Source data Start Marker
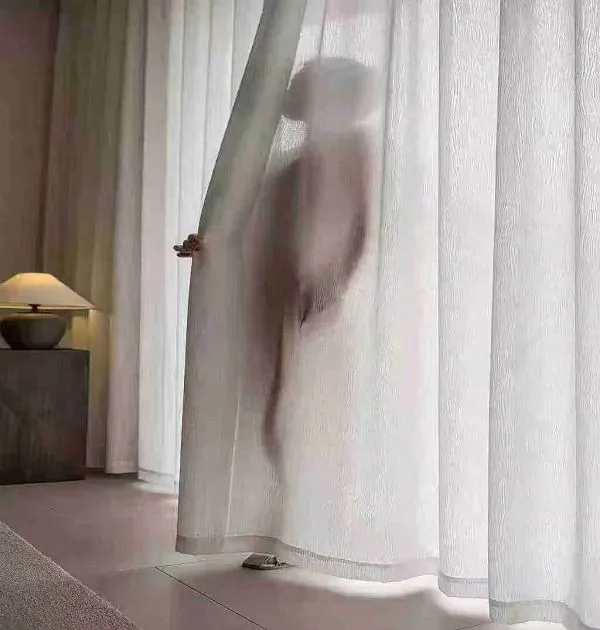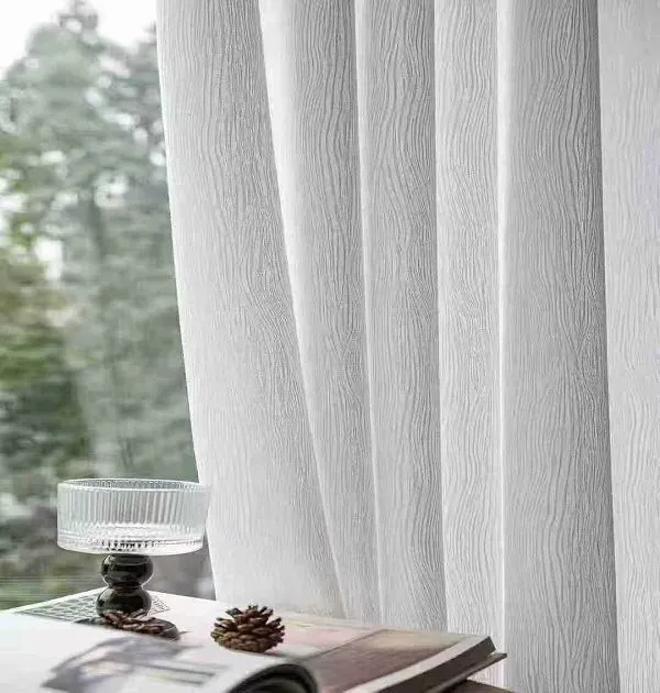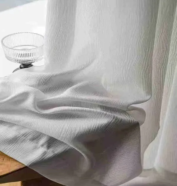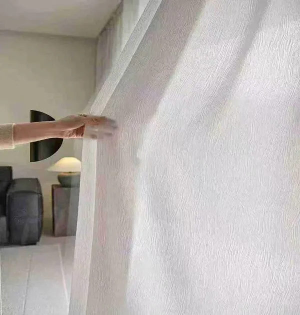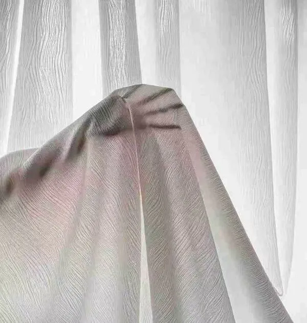 Wholesale minimalist textured white sheer curtains – light-filtering voile fabric for modern living rooms/bedrooms. Soft, durable, and ideal for global bulk orders from 柯桥 (China’s fabric hub).
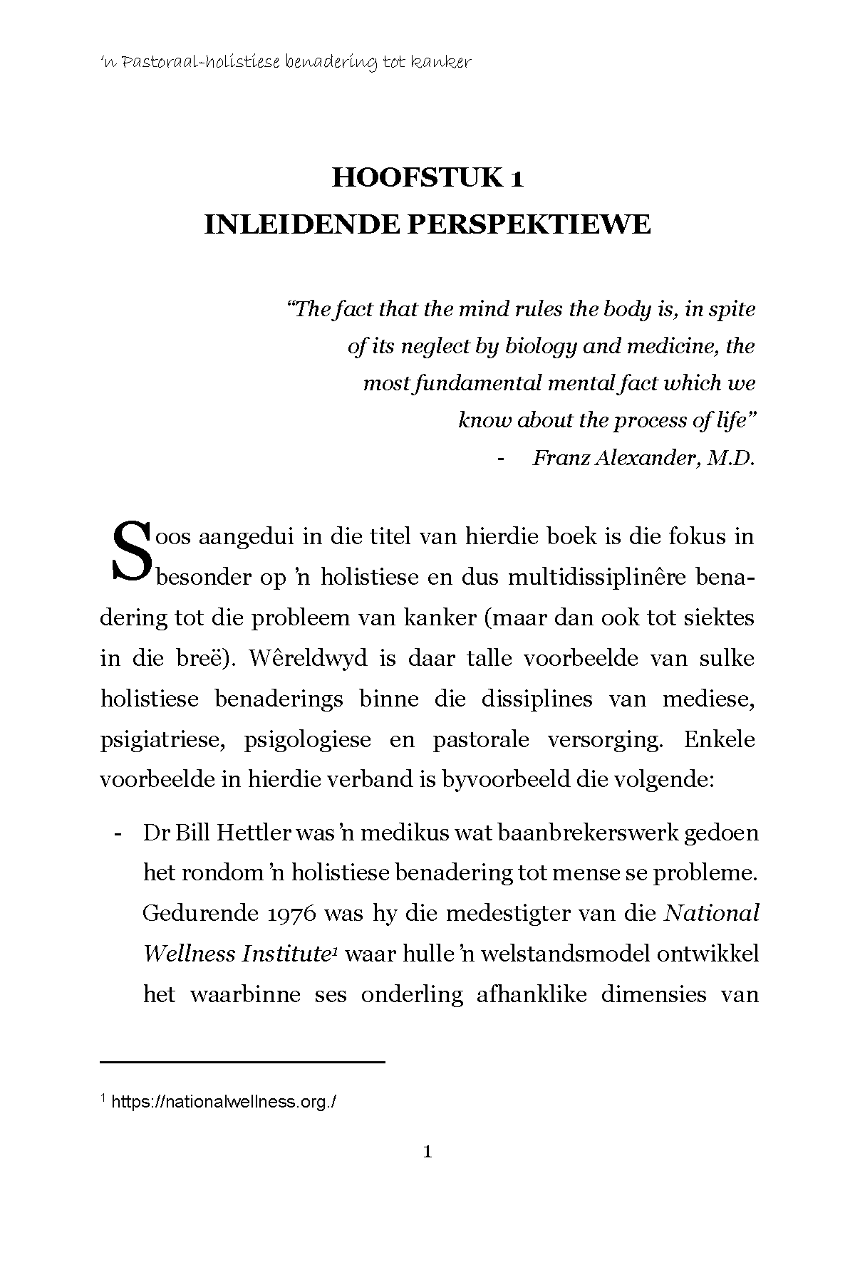 'n Pastoraal-Holistiese Besouing Van Kanker (Prof.Wentzel Coetzer)
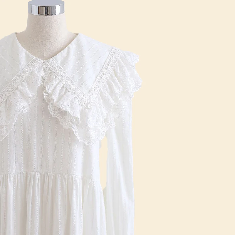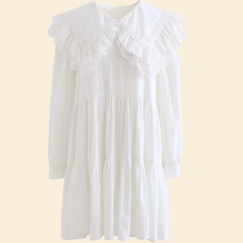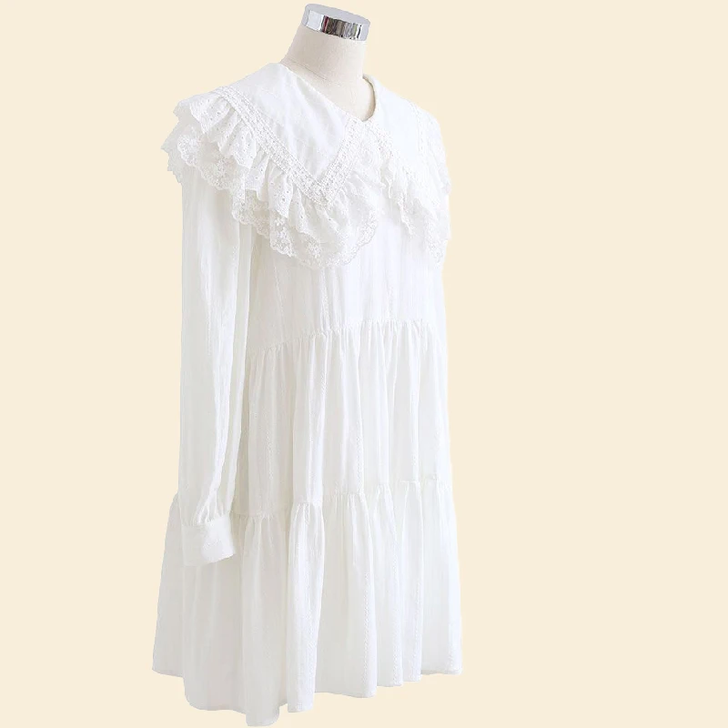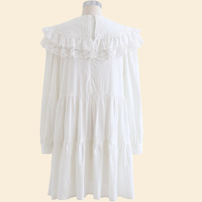 Wholesale Clothing Manufacturer 100% Cotton Long Sleeve Peter Pan Collar Embroidered Mini Dolly Dress in White for Women
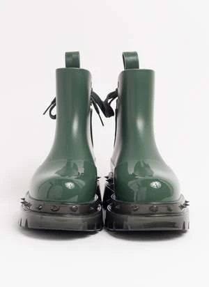 In this collaboration with Undercover the design is influenced by street culture and by the punk movement, with imposing and striking details, such as the spikes in PVC Melflex on the sole and the unexpected closure with shoelaces on the ankle. A versatile, comfortable, and timeless shape with fashion information.
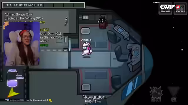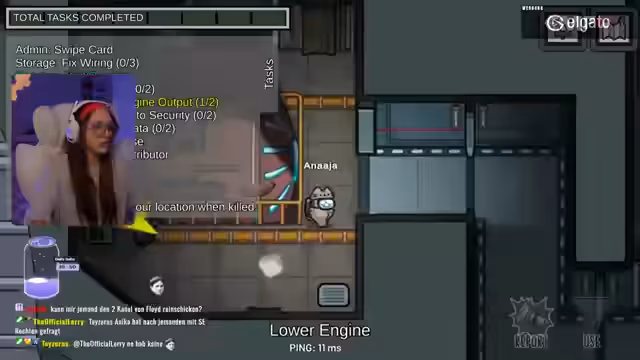 00:56:07Im weiteren Verlauf des Spiels identifizieren die Spieler 'Laura' als Impostor und eliminieren sie. Der genannte 'Matze' hat sich zuvor selbst als Crewmate getarnt, wird jedoch enttarnt. Die Streamerin beschreibt seine Reaktion als typisch für 'Impostors': sobald sie entlarvt werden, schalten sie sich stumm und entziehen sich dem Dialog. Dieser sogenannte 'Crashout' wird als Standardverhalten beschrieben, das sie selbst nur beobachtet, wenn sie in der Rolle des Impostors ist.
Source data End Marker
## Problem to solve
Each record above, in full: return it exactly, pictures excluded.

## Response
 Wholesale minimalist textured white sheer curtains – light-filtering voile fabric for modern living rooms/bedrooms. Soft, durable, and ideal for global bulk orders from 柯桥 (China’s fabric hub).
 'n Pastoraal-Holistiese Besouing Van Kanker (Prof.Wentzel Coetzer)
 Wholesale Clothing Manufacturer 100% Cotton Long Sleeve Peter Pan Collar Embroidered Mini Dolly Dress in White for Women
 In this collaboration with Undercover the design is influenced by street culture and by the punk movement, with imposing and striking details, such as the spikes in PVC Melflex on the sole and the unexpected closure with shoelaces on the ankle. A versatile, comfortable, and timeless shape with fashion information.
 00:56:07Im weiteren Verlauf des Spiels identifizieren die Spieler 'Laura' als Impostor und eliminieren sie. Der genannte 'Matze' hat sich zuvor selbst als Crewmate getarnt, wird jedoch enttarnt. Die Streamerin beschreibt seine Reaktion als typisch für 'Impostors': sobald sie entlarvt werden, schalten sie sich stumm und entziehen sich dem Dialog. Dieser sogenannte 'Crashout' wird als Standardverhalten beschrieben, das sie selbst nur beobachtet, wenn sie in der Rolle des Impostors ist.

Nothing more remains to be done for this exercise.